When rates fall, we can be forgiven for doing some quick math to figure out how much we would save by taking the lower rate vs. the more expensive one showing on our mortgage statement. The question then becomes, “Is now a good time to refinance?” and the answer depends on both the costs involved and your underlying reasons for refinancing.
Refinancing to Get a Better Rate
To discourage borrowers from refinancing every time rates drop, lenders charge penalties which essentially offset any potential savings. Unless you are switching from a fixed to a variable rate, where the difference between the rates is usually greater than the penalty charged, it won’t leave you better off. In practice, refinancing at a new rate without borrowing more money usually only happens at renewal, when no penalties are applied. In that case, it’s important to survey the market because most lenders don’t offer competitive rates to existing customers at renewal. (For more on this, check out my blog post called “Renewers: Have You Passed The Bank’s Laziness Test?”)
Refinancing to Renovate
Our homes provide both a roof over our heads and an investment. By renovating wisely you can increase the value of your property while also enhancing your enjoyment. In these cases, the costs to refinance your mortgage are usually small in proportion to the amount of new money borrowed so unless you are early in your mortgage term, this is an option worth considering. A quick tip for anyone considering a renovation: when you have a realistic idea of how much it will cost, add this amount to the price you paid for the house and check with your realtor or on www.mls.ca to ensure that your house isn’t about to become the most expensive property within a ten- kilometre radius!
Refinancing to Invest Proceeds Elsewhere
Taking some equity out of your property to invest can help diversify your balance sheet, especially in cases where you have a small mortgage and limited outside investments.
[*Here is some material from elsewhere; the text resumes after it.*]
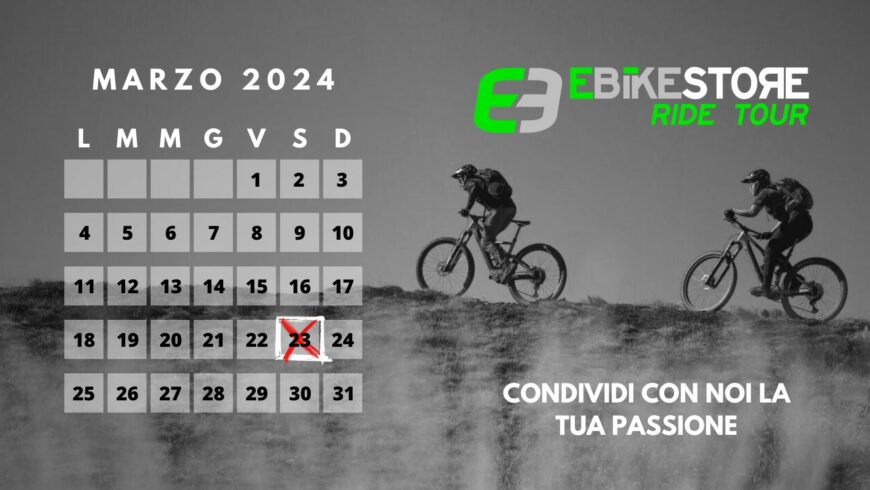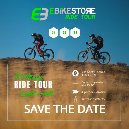 Condividi la tua passione con noi! L'evento del 24 Febbraio dedicato al nostro 2° Ride Tour è stato rimandato definitivamente alla nuova data, confermata per Sabato 23 Marzo 2024. La seconda uscita di gruppo dedicata al mondo delle e-bike, con focus sulle Light e-MTB! Clicca Qui per il programma dell'evento e per saperne di più.

Using the proceeds to top up RRSPs has the added benefit of reducing your taxable income. If you want to invest outside of your RRSP, you can pay down your mortgage principal and then reborrow it to make the interest tax deductable.
Refinancing to Pay Down Non-mortgage Debt
You simply can’t get a better interest rate on a personal loan than you can by borrowing against your primary residence. If you are carrying balances on credit cards, car loans, unsecured lines of credit etc. you can substantially reduce your interest cost by rolling those debts into your mortgage. In these cases, I recommend sitting down with your mortgage agent and laying out a basic budget to ensure that the cash saved by refinancing is used to pay down the additional mortgage principal. Use the refinancing to strengthen your financial position rather than weaken it. (You don’t want your house to become an ATM – a quick look south will show you how that story ends.)
Reasons Not to Refinance
Not to sound too preachy, but I’m not convinced that refinancing your home to pay for a vacation, unless it’s on your bucket list, is a good way to spend your hard-earned home equity. Refinancing is best when it improves value, diversifies risk or leaves borrowers in a better financial position.
Whatever your reasons for refinancing, a good mortgage agent will minimize the costs, weigh the unavoidable ones against the benefits, and determine the ideal timing for the transaction. If you’re refinancing to pay down debt, your agent should also help you develop a budget to ensure that you really will be better off years down the road – a budget being essential equipment for the journey.